一郎の場に、アンデット族モンスターが召喚される。


「そして場にいる、骸骨ヒーローとファイアーダークヒーローを合体させる。現れよ!

僕の最凶モンスター火の死神デス13!」


炎を纏った、赤い死神が合体召喚される。


カード情報。

合体モンスター火の死神デス13 レベル13 属性火 種族アンデット族 超能力????
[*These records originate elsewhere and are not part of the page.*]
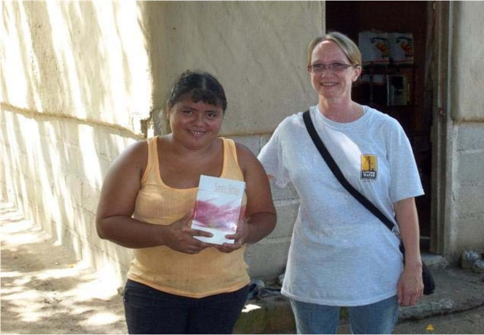
The LWI Honduras team distributed Bibles to community families and shared the Gospel.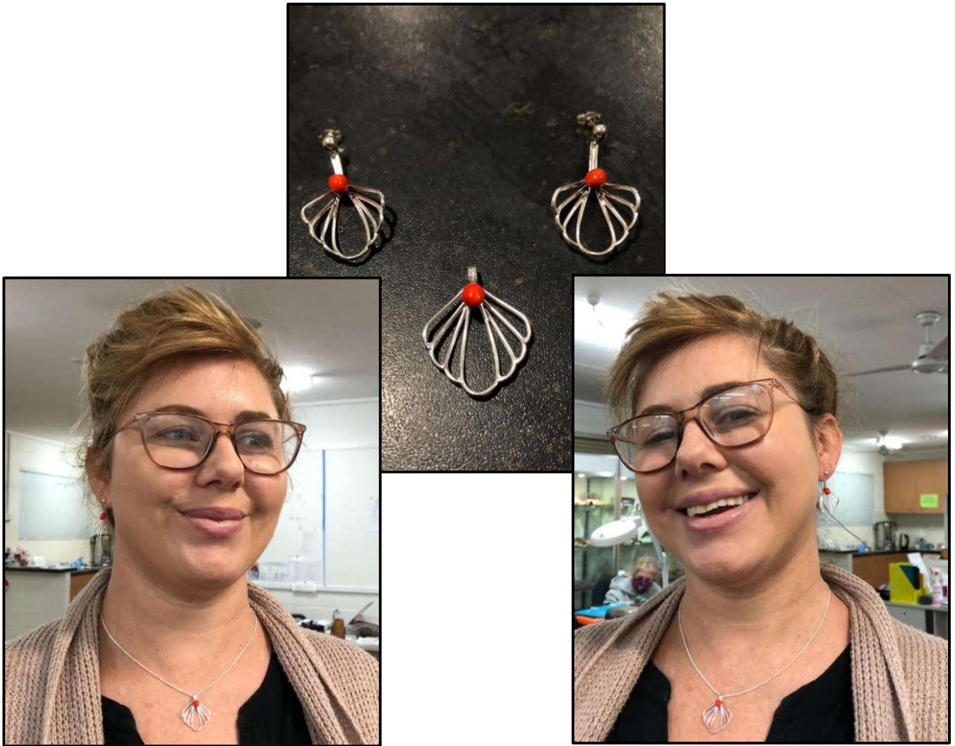
Thierry's Scallop Shell Pendant and Earring Set, as modelled by Melody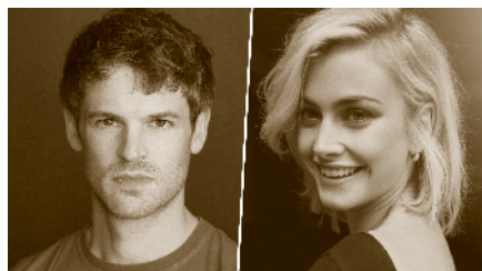
Benjamin Wainwright and Stefanie Martini star in 'Maigret' on 'MASTERPIECE.'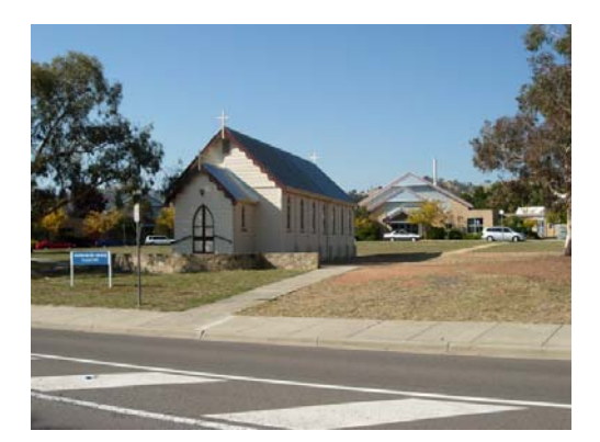
Figure 5. Sacred Heart Church and St Francis of Assisi Parish Centre (Truscott 11/4/08)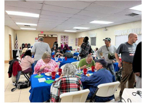
Some of the people that are part of The Table community.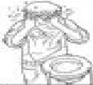
Wash my face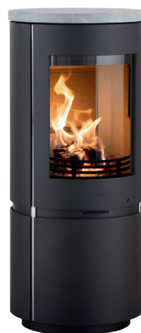
Scan-Line 8 cast iron, top in soapstone, with silver aluminium trim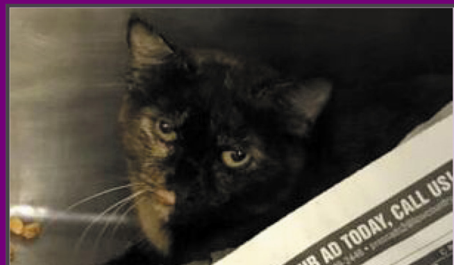
Belle (F) WALTERBORO ANIMAL HOSPITAL 113 Elizabeth Street 843-549-5645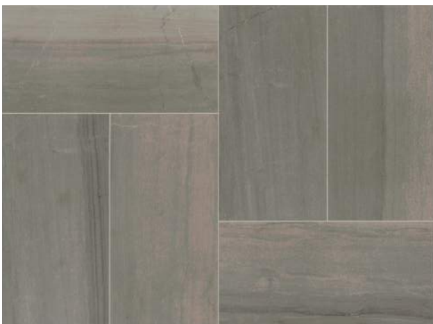
AV305 ▶ Apollo HON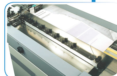
FD 2200 EX

合体条件 アンデット族モンスター一体と火属性の炎族モンスター一体。

合体条件2 ????


「レベル13!」


そのレベルに真琴は驚愕する。


「こいつはただ強いだけじゃない、こいつには不死身の力が備わっている。その恐怖・・味あわせてあげるよ・・・君に」

「そのモンスター・・」

「!」


空は、火の死神デス13を、指さした。


「あんたのライフ13に関係しているのか?」

「!・・・ほう・・・気づいたか・・やるねぇ・・たしかに・・こいつは不死身の力を持っているが、気難しくてねぇ・・・ライフ13の時しか合体召喚できないんだよ」

「だから13にこだわっていたのか・・・」


真琴の疑問は解けた。

なぜあのとき、ライフを1しか回復させなかったのか。

それらはすべて、このモンスターを召喚させるためだったのだ。


「終わりだ。こいつが現れたからには、君には絶望と恐怖と敗北しか残されていない」


それを聞いた空は。     


「それをすべてねじ伏せ・・おまえを倒す!」


手を前に出し、一郎に見せつけるように手を握った。


「・・・やってみろ」

「やってやるさ!」

「火の死神デス13で、団子スライムを攻撃。死喰い(デス・シザーズ)」


一郎の攻撃宣言と共に。デス13は炎に包まれ、消えた。

直後、団子スライムの背後の現れ、その手に持つ、巨大な黒い鎌を振り上げ、振り下ろす。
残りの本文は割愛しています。